As soon as the line containing "Vintage 80's Kay" appears in the material below, start returning lines exactly, and end with the line containing "Pencil sketch on".

◆ **Record set**
--- START ---

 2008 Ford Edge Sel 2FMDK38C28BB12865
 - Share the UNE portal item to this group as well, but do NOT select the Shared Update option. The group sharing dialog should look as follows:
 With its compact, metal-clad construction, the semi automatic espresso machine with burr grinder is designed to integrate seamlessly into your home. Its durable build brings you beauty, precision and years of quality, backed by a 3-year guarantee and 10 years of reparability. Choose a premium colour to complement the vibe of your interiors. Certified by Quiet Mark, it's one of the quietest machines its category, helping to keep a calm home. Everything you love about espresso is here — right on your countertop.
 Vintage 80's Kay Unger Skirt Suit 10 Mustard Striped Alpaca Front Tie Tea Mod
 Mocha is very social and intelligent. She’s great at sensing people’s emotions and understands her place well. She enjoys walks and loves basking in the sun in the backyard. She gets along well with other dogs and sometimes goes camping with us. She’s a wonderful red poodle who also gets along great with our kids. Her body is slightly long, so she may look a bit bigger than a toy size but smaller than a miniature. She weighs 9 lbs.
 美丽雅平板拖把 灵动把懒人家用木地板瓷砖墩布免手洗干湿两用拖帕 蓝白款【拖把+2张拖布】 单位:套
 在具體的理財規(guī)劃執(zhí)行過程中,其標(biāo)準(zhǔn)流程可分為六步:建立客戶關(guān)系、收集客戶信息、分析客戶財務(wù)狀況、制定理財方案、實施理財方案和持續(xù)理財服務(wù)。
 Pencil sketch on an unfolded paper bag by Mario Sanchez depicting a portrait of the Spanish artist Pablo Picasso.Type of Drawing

--- END ---
--- START ---

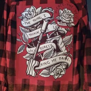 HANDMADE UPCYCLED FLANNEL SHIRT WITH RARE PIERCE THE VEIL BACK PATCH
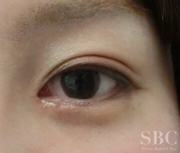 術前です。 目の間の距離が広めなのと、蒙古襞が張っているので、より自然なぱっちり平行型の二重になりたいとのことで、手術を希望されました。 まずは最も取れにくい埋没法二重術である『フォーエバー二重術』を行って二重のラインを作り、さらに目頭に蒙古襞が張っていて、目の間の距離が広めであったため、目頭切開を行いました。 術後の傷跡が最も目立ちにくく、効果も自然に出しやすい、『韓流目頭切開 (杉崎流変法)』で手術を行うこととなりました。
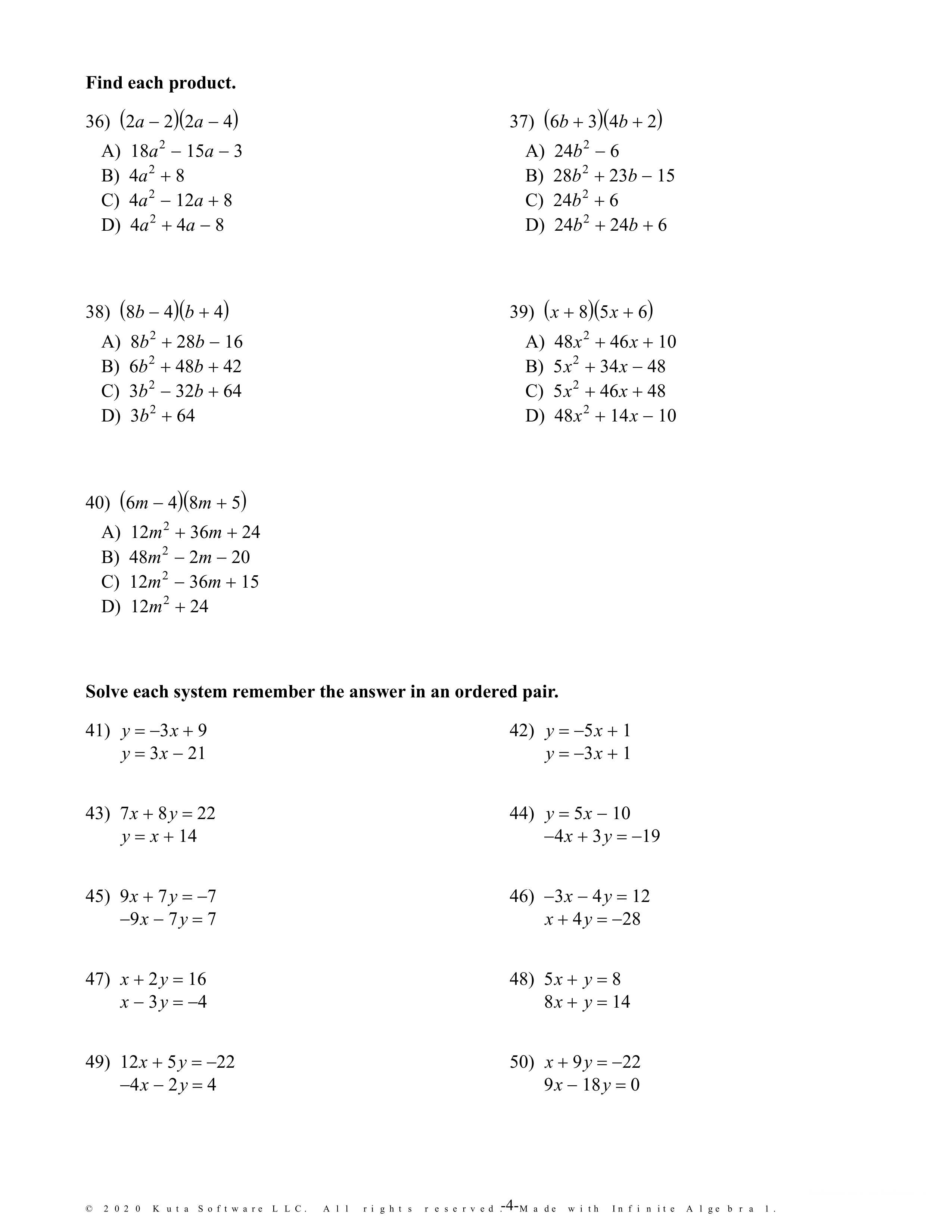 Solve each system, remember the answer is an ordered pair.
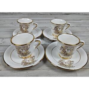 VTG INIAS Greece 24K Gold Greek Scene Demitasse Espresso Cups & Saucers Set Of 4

--- END ---

◆ **Final answer**
 Vintage 80's Kay Unger Skirt Suit 10 Mustard Striped Alpaca Front Tie Tea Mod
 Mocha is very social and intelligent. She’s great at sensing people’s emotions and understands her place well. She enjoys walks and loves basking in the sun in the backyard. She gets along well with other dogs and sometimes goes camping with us. She’s a wonderful red poodle who also gets along great with our kids. Her body is slightly long, so she may look a bit bigger than a toy size but smaller than a miniature. She weighs 9 lbs.
 美丽雅平板拖把 灵动把懒人家用木地板瓷砖墩布免手洗干湿两用拖帕 蓝白款【拖把+2张拖布】 单位:套
 在具體的理財規(guī)劃執(zhí)行過程中,其標(biāo)準(zhǔn)流程可分為六步:建立客戶關(guān)系、收集客戶信息、分析客戶財務(wù)狀況、制定理財方案、實施理財方案和持續(xù)理財服務(wù)。
 Pencil sketch on an unfolded paper bag by Mario Sanchez depicting a portrait of the Spanish artist Pablo Picasso.Type of Drawing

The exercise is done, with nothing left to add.